By Sasha White
It is imperative to start by defining what endometriosis actually is, because before I was diagnosed I had little knowledge of the disease and, like many female reproductive issues, it can feel like it is shrouded in taboo and mystery.
Endometriosis is a disease in which cells similar to those of the uterus lining grow outside the uterus. Commonly this is on the ovaries and fallopian tubes, but it can occur in other parts of the body. It causes debilitating pelvic pain, heavy periods, pain with bowel movements and infertility, to name a few symptoms. Though each woman’s experience is unique, the universal factor is chronic pain.
PART 1: PAIN
Managing pain does become easier. I was diagnosed with deep endometriosis - meaning the endometriosis tissue is located close to my bowels and in an inoperable location - in November 2020. Chronic episodes of stabbing pain, cold sweats, sickness and fatigue contributed to a downward spiral in my physical and mental health. It is not an exaggeration to say that I hated my body. It was constantly changing and I felt like I had no control over when I was going to feel pain. I felt helpless.
PART 2: ACCEPTANCE
For months I denied having a chronic illness despite knowing that this onslaught of pain I was experiencing was not normal. 1 in 10 women - which is approximately 176 million in the world - have endometriosis and yet somehow I felt isolated, as though I was overreacting. Before diagnosis I was told that period pain is normal, that it is just part of the female experience. When I was first rushed to A&E, my mum thought I had appendicitis, whilst the doctor dismissed it as dehydration. This is a common experience for women suffering from endometriosis. During that time pain, anger and sadness were common feelings. In all honesty, I felt like I was a burden to my friends and family.

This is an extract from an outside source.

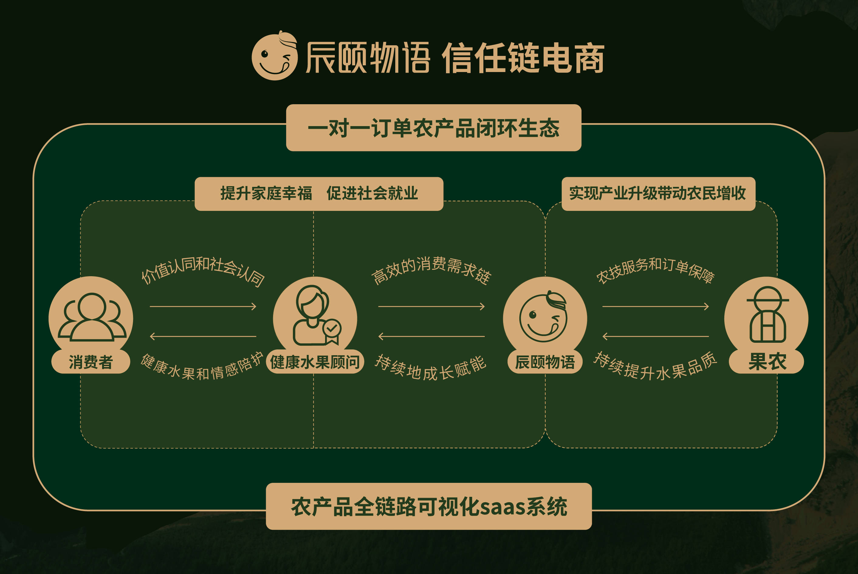 辰頤物語,堅(jiān)守公益助農(nóng)為文化基因,踐行鄉(xiāng)村振興戰(zhàn)略,切實(shí)帶動(dòng)果農(nóng)增收。

Over a year later and I still feel those emotions. What I have learned over this time, though, is that I have a choice to change my mindset and thought patterns. It is surprising just how connected mental and physical health are - a realisation I have been forced to fully come to terms with over the past year. Actively choosing not to let negative thought patterns affect my overall perspective has been a huge learning curve.
Self-acceptance is not something that happens immediately, but if we make a conscious effort to be kind to ourselves and realise that our bodies are amazing for the multitude of things they can do as well as the pain they tolerate, we can start to accept that chronic illness is a part of us but it is not who we are. The real goal, then, is to remove all aspects of self worth and validation from the body and the aesthetic standard we see infiltrating social media and the digital media at large.
PART 3: THE FUTURE
The purpose behind this article is to share my experience in the hope that we will continue to de-stigmatise talking about women’s sexual and reproductive health, as well as push for further funding for research into endometriosis and other female reproductive issues. We have a right to our bodies and a right to talk about our bodies, whoever we are and whatever we look like. As debilitating as chronic illness can be, spreading awareness, educating ourselves and having open, honest discussions are all factors which make the experience less isolating, so I implore everyone reading this to start (or continue) doing so. To the women who live with endometriosis: our strength can never be underestimated.